Saved data entries:
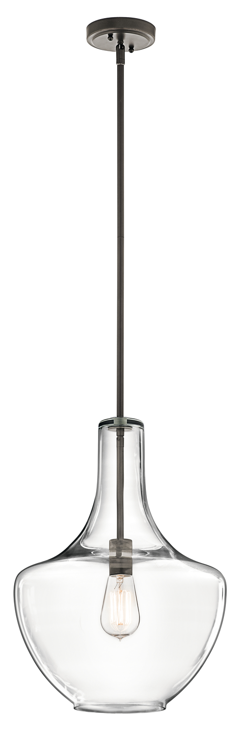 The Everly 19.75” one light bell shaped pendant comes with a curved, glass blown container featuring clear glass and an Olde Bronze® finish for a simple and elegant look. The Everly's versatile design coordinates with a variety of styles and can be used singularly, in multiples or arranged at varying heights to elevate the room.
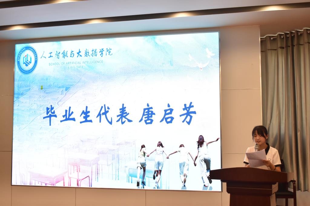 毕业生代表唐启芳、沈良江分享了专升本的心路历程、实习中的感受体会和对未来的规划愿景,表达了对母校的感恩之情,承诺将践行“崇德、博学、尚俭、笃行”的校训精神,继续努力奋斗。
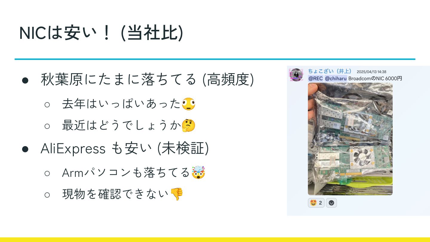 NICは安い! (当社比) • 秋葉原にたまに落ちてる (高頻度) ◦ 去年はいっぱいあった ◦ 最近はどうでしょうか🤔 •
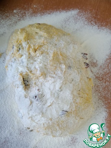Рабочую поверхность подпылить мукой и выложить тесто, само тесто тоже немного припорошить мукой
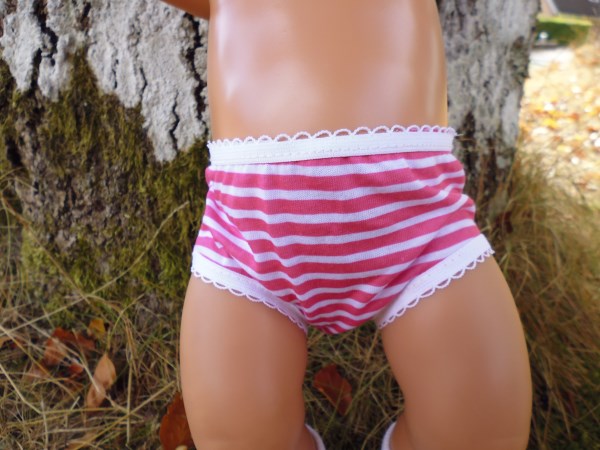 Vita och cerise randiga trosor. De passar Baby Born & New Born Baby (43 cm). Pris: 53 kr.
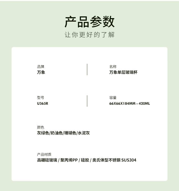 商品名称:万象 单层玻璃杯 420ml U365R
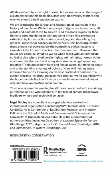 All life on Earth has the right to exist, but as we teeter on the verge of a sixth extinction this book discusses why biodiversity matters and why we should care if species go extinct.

* * *

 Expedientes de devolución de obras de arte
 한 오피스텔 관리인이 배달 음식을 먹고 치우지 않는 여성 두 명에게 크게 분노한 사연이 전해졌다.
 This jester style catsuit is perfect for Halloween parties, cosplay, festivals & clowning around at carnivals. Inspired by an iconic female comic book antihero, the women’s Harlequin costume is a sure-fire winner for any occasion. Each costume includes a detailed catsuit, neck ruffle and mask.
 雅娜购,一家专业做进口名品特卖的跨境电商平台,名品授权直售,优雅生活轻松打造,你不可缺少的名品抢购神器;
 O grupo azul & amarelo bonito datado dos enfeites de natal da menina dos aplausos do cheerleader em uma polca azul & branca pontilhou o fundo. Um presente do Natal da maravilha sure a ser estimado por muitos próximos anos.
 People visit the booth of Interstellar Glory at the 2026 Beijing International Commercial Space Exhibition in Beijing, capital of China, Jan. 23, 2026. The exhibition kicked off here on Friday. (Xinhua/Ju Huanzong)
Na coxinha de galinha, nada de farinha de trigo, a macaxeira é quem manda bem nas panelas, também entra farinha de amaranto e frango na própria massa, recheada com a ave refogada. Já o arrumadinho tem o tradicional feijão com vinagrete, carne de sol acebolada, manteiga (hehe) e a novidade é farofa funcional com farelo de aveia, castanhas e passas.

## Task goal
Say how many lines in the entries contain the string "sure". Nothing else belongs in the reply.

## Task result
2